Mercado Central, el epicentro de la comida fresca mendocina

El autor recuerda aquellos días de su infancia y adolescencia, inmersos en el ajetreo diario del centro mendocino. Sus vecinos, amigos y familiares.

Mercado Central, el epicentro de la comida fresca mendocina

Mi nonna con mi madre, una niña de 14 años,  instalan en 1949 un pequeño restaurante en calle Patricias Mendocinas frente a la puerta del Mercado.

El movimiento empezaba a las 4 de la mañana, cuando llegaban carros y camiones con la mercadería fresca: verduras de las fincas del Este, lechones, novillos, pollos... en fin todos los productos alimenticios frescos para abastecer a Mendoza.

En esa época no existían los supermercados, todo lo fresco se vendía en el Mercado Central. Lugar inmejorable para poner un restaurante.

Con el correr de los años fuimos naciendo los 7 hijos de María Teresa y Don Francesco en la habitación de un departamento sobre el restaurante. La partera llegaba presurosa para ayudar en el parto y a los 2 días más presurosa que la partera, mi madre estaba de nuevo en la cocina trabajando.

Seguro que igual a la historia de tantas familias de inmigrantes, para las que el trabajo era sagrado y un agradecimiento por tener la posibilidad de progresar después de haber pasado una guerra, lo que hacía honrarlo con el esfuerzo sobrehumano de una generación que puso el lomo de sol a sol.

Y gracias a ese esfuerzo, los hijos tuvimos la oportunidad de estudiar en lugar de trabajar desde niños. Cosa que hoy pasa en muchas familias, como las ladrilleras, ajeras y otras actividades, que necesitan de las manos infantiles para parar la olla.

En el año 1972 nos mudamos a una cuadra, España y General Paz, también sobre el restaurante, que ahora era de mis padres. La pequeña empresa familiar empezaba a dar sus frutos.

Mientras nosotros, los hijos, jugábamos, en la vereda o en los baldíos, con los vecinos Fretes, con los changarines de los puestos del Mercado o con Andresito, el hijo del verdulero Andrés.

Cuando descubrí Mafalda lo vi a Andresito pero se llamaba Manolito. Otra vez la historia repetida de los inmigrantes.

Eramos 7 hermanos, 4 mujeres y 3 varones. Poca televisión, mucha vereda, muchos vecinos amigos. Vereda custodiada por los mayores, que cuando nos mandábamos alguna macana nos llevaban de la oreja a nuestra casa para que nuestros padres nos pusieran en penitencia. Un mundo de niños que jugaban en la vereda bajo la mirada de los mayores.
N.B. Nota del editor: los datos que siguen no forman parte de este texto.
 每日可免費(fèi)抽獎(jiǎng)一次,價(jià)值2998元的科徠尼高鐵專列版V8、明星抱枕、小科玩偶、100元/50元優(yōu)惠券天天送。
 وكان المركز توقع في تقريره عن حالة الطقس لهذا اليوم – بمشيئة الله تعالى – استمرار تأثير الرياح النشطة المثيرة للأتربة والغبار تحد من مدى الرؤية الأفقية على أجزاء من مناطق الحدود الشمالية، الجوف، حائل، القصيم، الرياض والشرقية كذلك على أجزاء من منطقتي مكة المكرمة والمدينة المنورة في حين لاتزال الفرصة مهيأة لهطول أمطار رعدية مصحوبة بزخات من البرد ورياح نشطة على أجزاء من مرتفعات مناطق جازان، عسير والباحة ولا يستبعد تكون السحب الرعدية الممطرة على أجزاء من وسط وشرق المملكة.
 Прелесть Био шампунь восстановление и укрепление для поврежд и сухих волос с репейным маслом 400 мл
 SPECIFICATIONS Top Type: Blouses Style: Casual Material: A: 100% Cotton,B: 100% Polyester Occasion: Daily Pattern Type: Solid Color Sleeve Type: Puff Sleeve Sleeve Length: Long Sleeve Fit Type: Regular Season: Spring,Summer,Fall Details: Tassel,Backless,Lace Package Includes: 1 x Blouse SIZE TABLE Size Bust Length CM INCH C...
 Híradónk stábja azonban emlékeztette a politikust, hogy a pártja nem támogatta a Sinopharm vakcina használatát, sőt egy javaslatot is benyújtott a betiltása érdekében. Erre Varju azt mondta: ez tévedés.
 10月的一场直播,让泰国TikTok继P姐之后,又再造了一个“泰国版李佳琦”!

Entonces sí había seguridad, el trabajo no era un yugo, era el orgullo de ganarse el pan de la familia (tan bien definido por el cura Contreras), la calle era el lugar donde nos encontrábamos con el vecino y se hacía comunidad. Donde el tener no era lo importante, era solo una consecuencia de bien hacer. Entonces era lo mismo si eras el hijo del doctor o del peluquero, como debe ser.
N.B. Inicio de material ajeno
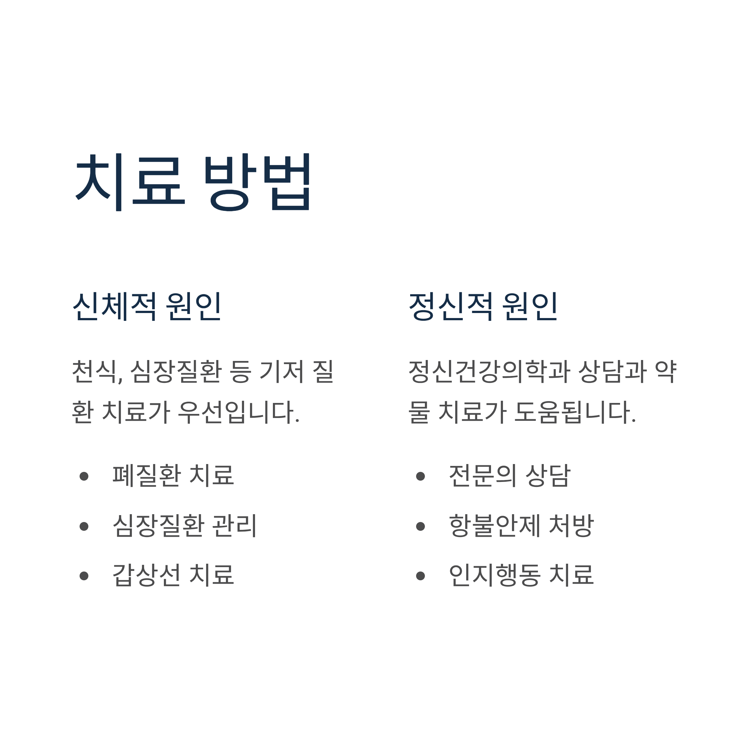 증상이 반복되거나 일상생활에 지장이 있다면 동맥혈 가스분석 검사를 통해 정확한 진단을 받아야 합니다. 신체적 질환이 원인인 경우 해당 질환 치료가 우선이며, 정신적 원인인 경우 정신건강의학과 상담과 필요시 항불안제 처방이 도움이 될 수 있습니다.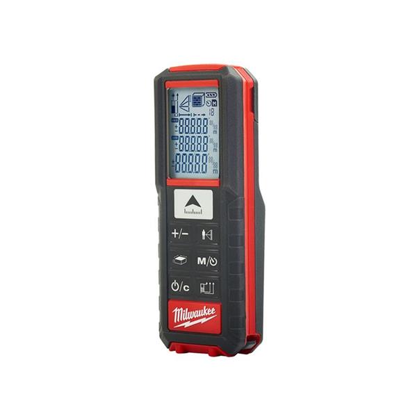 The Milwaukee LDM 50 Laser Distance Meter is easy to use thanks to the one person point and shoot system. The large 3 line LCD graphical display with automatic white backlight display shows metric units of measurement only. With memory recall for the last 20 measurements.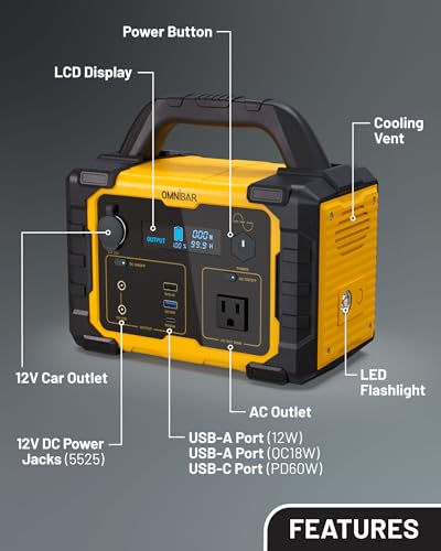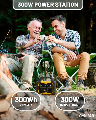 Specification: Omnibar Portable Power Station 300W for Camping, Home Backup and Outdoor Use, 299Wh 6-Port PowerHouse with AC Outlet, 60W USB-C PD Output, USB-A Ports, Car Outlet, 12V DC Ports and LED Flashlight

En fin, era la Mendoza de las puertas abiertas, de las bicis en las veredas, donde los bienes emocionales eran más importantes que los bienes materiales. Y como las emociones son transparentes, nos acercan a los vecinos. Creo que esa es la gran diferencia con la Mendoza actual; estamos tan preocupados en tener que no logramos ver a nuestros vecinos.

Tampoco podemos ver a los vecinos que están a 50 cuadras que viven en casas de lata. No vemos que son nuestros vecinos, pero si empezamos a verlos como vecinos que no han tenido nuestras oportunidades, si les damos identidad nos vamos a ocupar por colaborar para que puedan ser, para que sus hijos (que son nuestros niños, porque en una sociedad bien constituida los niños y los ancianos son de todos) puedan estudiar, puedan jugar.

Si en lugar de añorar nuestro lindo barrio nos ocupamos de crear un gran barrio donde todos podamos vivir como antes, entonces en cada esquina va a volver el espíritu de los barrios donde nos importaba el vecino. Y juntos, desde cada barrio, construíamos el buen vivir.